Nous pouvons alors nous demander comment faire acquérir cette
conscience
phonologique aux élèves et comment l'améliorer. Pour cela, nous
verrons dans un premier temps ce qu'est la conscience phonologique et comment
elle se développe. Puis dans un second temps la méthodologie mise en place en
grande section de maternelle. Et enfin quel résultat, nous avons obtenu après cette
situation d'apprentissage.
I) PARTIE THEORIQUE : LA CONSCIENCE PHONOLOGIQUE :
I.1) Définition :
La phonologie est la science qui explique les systèmes de sons des langues
et leurs règles de fonctionnement. Elle ne définit pas les mots sémantiquement mais
elle permet de les différencier les uns par rapport aux autres.

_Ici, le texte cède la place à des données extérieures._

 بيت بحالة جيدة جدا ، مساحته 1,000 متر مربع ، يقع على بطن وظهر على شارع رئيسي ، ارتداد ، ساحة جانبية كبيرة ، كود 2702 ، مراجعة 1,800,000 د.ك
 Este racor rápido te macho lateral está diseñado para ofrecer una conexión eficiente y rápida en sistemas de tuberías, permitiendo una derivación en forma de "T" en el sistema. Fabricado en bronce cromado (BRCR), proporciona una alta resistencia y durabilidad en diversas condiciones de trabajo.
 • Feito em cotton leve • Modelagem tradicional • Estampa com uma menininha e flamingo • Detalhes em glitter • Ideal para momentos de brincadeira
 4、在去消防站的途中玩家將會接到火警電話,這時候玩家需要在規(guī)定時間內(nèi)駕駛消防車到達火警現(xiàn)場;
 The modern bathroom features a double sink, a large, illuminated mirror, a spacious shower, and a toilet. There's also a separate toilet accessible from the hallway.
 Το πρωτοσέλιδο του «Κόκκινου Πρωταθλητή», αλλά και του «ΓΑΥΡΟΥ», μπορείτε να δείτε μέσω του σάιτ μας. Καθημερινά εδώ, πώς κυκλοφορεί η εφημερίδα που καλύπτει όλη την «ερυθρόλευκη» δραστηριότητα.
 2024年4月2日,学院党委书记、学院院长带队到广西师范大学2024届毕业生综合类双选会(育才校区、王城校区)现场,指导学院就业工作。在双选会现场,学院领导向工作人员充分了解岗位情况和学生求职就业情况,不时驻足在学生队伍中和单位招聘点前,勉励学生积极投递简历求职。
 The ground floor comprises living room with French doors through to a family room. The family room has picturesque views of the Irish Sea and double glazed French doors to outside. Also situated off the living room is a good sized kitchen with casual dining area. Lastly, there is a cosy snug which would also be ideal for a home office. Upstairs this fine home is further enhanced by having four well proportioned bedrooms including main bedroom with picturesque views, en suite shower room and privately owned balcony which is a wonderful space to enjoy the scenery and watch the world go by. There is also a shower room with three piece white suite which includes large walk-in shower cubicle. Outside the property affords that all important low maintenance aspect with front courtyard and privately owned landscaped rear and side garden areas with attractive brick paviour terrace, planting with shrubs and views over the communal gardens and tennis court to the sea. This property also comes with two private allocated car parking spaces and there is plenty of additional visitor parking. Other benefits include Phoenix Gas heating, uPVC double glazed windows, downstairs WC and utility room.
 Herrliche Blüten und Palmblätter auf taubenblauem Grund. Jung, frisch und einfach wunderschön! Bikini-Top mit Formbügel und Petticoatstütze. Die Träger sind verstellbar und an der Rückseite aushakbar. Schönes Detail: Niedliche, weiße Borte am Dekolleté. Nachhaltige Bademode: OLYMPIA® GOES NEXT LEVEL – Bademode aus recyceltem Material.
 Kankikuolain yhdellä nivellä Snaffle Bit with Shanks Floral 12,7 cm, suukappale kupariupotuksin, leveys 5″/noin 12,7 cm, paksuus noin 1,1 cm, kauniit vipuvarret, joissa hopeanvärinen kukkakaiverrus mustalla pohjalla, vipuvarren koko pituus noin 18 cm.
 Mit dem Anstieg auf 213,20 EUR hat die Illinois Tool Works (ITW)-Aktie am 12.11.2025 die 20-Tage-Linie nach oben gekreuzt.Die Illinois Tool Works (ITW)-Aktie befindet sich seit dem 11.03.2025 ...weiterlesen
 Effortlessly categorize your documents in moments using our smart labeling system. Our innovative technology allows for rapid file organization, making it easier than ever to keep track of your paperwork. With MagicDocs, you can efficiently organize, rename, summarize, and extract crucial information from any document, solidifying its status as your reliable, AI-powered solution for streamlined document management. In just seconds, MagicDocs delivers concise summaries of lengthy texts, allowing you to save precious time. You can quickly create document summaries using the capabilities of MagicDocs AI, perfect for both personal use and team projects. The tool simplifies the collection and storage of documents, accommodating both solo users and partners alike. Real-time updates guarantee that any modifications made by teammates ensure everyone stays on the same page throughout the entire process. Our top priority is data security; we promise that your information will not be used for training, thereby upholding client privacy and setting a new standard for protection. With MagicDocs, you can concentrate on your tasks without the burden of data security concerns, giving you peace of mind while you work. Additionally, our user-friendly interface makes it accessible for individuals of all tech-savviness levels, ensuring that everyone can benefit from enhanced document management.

La conscience phonologique est l’habileté à entendre, identifier et manipuler les
sons isolés de la langue parlée. Elle est la conscience de toute unité linguistique
telle que les syllabes, les rimes, et les
phonèmes. Elle permet des opérations
mentales sur le langage parlé comme par exemple, la segmentation des mots en
syllabes, la suppression du premier phonème d’une syllabe…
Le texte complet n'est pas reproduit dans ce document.